How to close the gap? The core recommendation is to take a more holistic approach by focusing on reskilling our workforce through development that’s multi-modal, personalized to the individual and built on data, learning journeys that are delivered through “experiential learning.”
Boxed In
Big news coming out of SCOTUS this morning: The Supreme Court ruled 5-4 against Apple in case involving its App Store, allowing iPhone users to move forward with an antitrust suit against the company.
According to a report from CNBC, the iPhone users argue that Apple’s 30 percent commission on sales through the App Store was passed along to consumers, an unfair use of monopoly power.
Apple argued that only app developers, and not users, should be able to bring such a lawsuit:
“Apple’s line-drawing does not make a lot of sense, other than as a way to gerrymander Apple out of this and similar lawsuits,” [Justice] Kavanaugh wrote.

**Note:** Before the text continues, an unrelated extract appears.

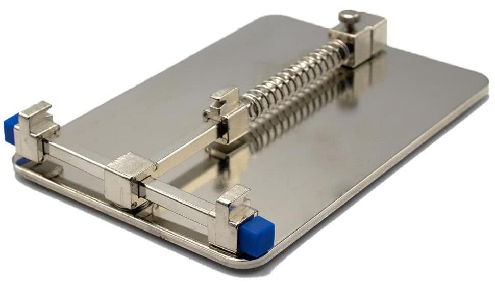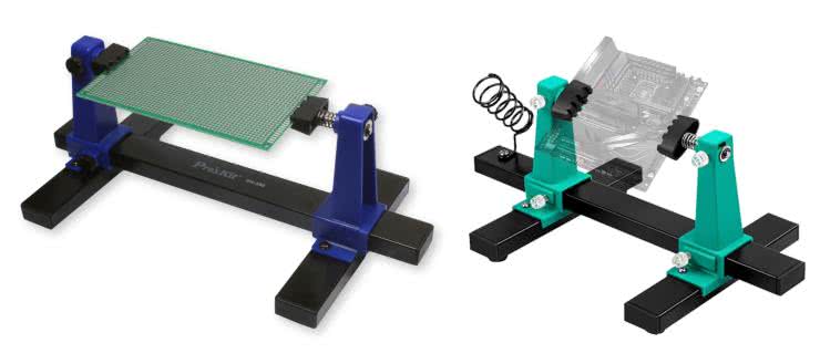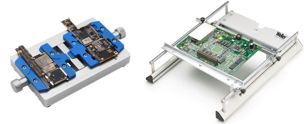 Do większych płytek drukowanych dostępne są duże uchwyty, jak na fotografii 11. Stanowią one rozwinięcie idei uchwytu z fotografii 9 i zapewniają stabilną podstawę do pracy nawet przy płytach głównych komputerów czy urządzeń przemysłowych.
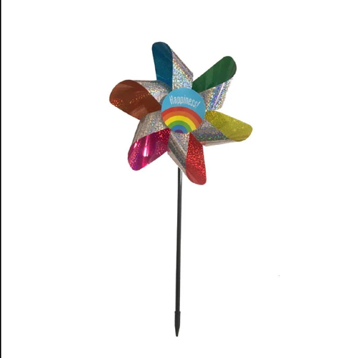 商品名は「レインボー風車(キラキラ)」です。名称に鳥よけなどの言葉は入っていませんが、ダイソー公式オンラインでは園芸用品にカテゴライズされていて、商品説明にも「モグラ除けや鳥害よけ」とあるので安心して使えます。

Shares of Apple, already battered by trade concerns, were down more than 5%, lagging the broader market.
The result of the iPhone users’ litigation could affect the way that Apple, as well as other companies that operate electronic marketplaces like Facebook, Amazon and Alphabet’s Google, structure their businesses. For Apple, hundreds of millions of dollars in penalties could hang on the outcome.

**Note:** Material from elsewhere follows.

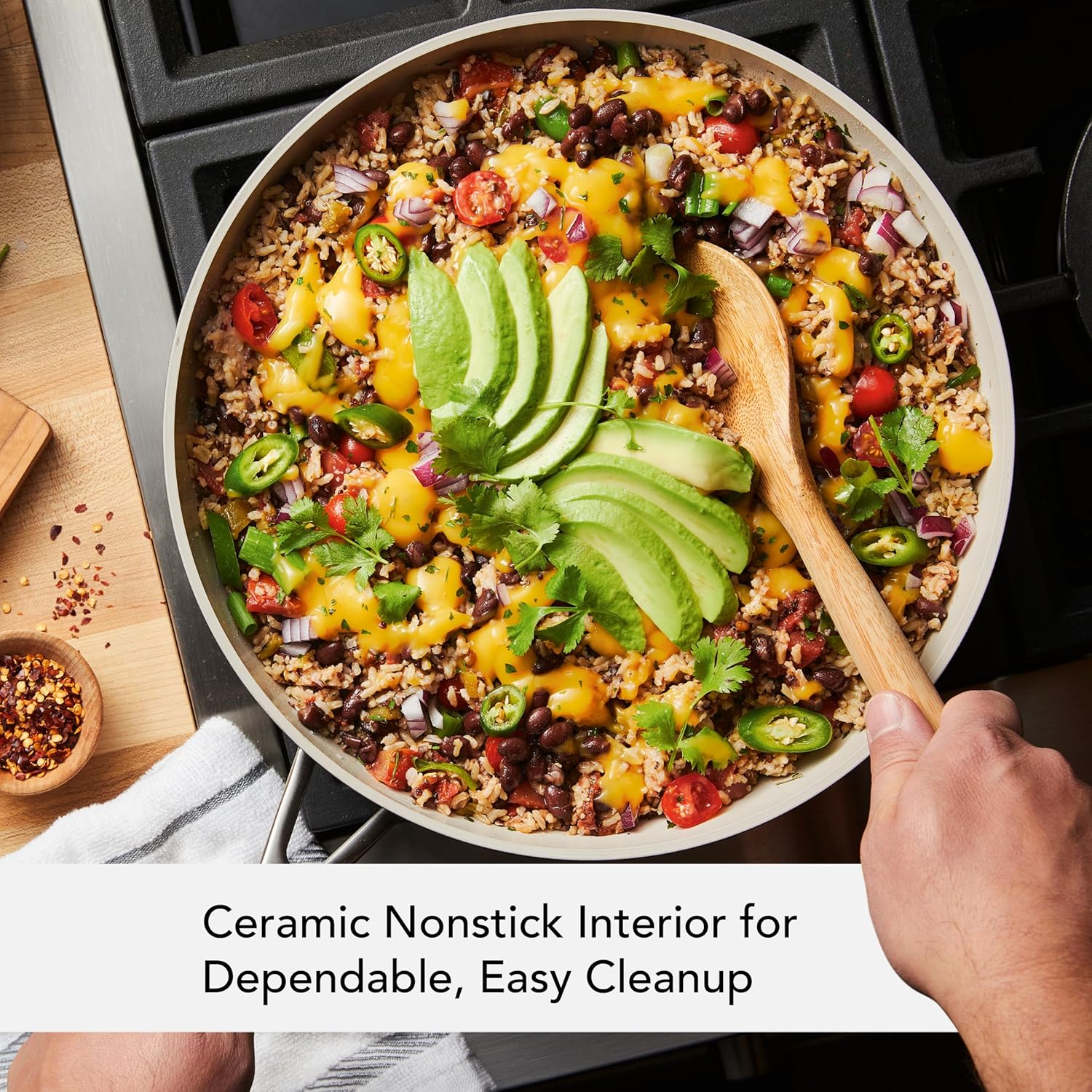 - EASY-CLEAN CERAMIC: High performance ceramic nonstick is made without PFAS, BPA, Lead, or Cadmium* for safe, consistent food release and fast, easy cleanup (*Manufacturing process does not involve adding to the product any of these substances which may otherwise be present in the environment)

And if you’re worried about becoming boxed in by looming new automation technologies, you might want to steer clear of the Amazon warehouses.

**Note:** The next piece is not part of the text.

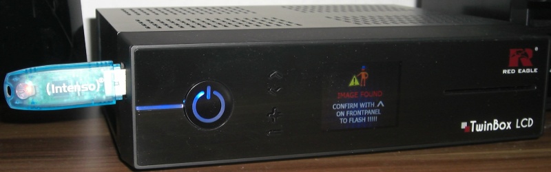 - Wenn der Update-Stick korrekt erkannt wird erscheint folgendes im Display

Reuters is reporting that Amazon is rolling out machines to automate a job held by thousands of its workers: boxing up customer orders.
The company started adding technology to a handful of warehouses in recent years, which scans goods coming down a conveyor belt and envelopes them seconds later in boxes custom-built for each item, two people who worked on the project told Reuters.
Amazon has considered installing two machines at dozens more warehouses, removing at least 24 roles at each one, these people said. These facilities typically employ more than 2,000 people.
That would amount to more than 1,300 cuts across 55 U.S. fulfillment centers for standard-sized inventory. Amazon would expect to recover the costs in under two years, at $1 million per machine plus operational expenses, they said.
A video shot by Reuters accompanying the story suggested the human workforce decline would come through attrition: Amazon would simply “refrain” from refilling packing roles over time, a job that already has huge turnover work for its 10-hour shifts.
On the man v. machine front, it sounds as though the machine boxes that box the boxes themselves will eventually beat the humans hands down.
My question is, will the boxing machines ever buy anything from the company store?
Will Amazon give them a discount for being so efficient at their jobs?? A promotion??
Maybe a corner office on the warehouse floor??